Speed. On a 16 GB Apple Silicon machine, a 30-minute meeting summary takes 30 seconds to 2 minutes per prompt with a 7B–9B model. The Meeting Detail page shows a live spinner and elapsed-seconds counter for each running section.
Cloud keys. In local-only mode, leave the Claude and OpenAI fields blank. Add either later if you want a single prompt to use a cloud model.
Transcription providers
Section titled “Transcription providers”Transcription runs separately from the LLM.

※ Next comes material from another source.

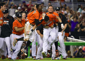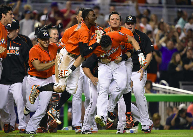 Marlins players celebrate after Marlins pinch hitter Derek Dietrich

| Provider | Mode | Notes |
|---|---|---|
| Parakeet | Local (Apple Silicon, MLX) | Fast, accurate, fully offline. Default on Apple Silicon. |
| OpenAI Whisper | Cloud | Quick to set up, costs API credits. Same API key as the OpenAI LLM. |
whisper.cpp / whisper-local may appear only if an older config already selected it. It is not offered as a normal option in the current signed macOS build.
Parakeet
Section titled “Parakeet”Parakeet installs into a Python venv at ~/.gistlist/parakeet-venv during the Setup Wizard — one click, no Terminal, no Homebrew, no system Python. The wizard installs an app-managed CPython 3.12 runtime at ~/Library/Application Support/Gistlist/bin/python-runtime/, ffmpeg if it’s missing, then mlx-audio into the venv, then runs a transcription smoke test that downloads ~600 MB of model weights to the Hugging Face cache. About 1 GB total disk usage on first install.
Apple Silicon only. MLX (and therefore mlx-audio) does not support Intel Macs. The wizard hides the Parakeet option entirely on x86_64 hosts; Settings does the same. Intel users go to OpenAI Whisper.
Switch to OpenAI cloud transcription in Settings → Models if you’d rather not have a local venv.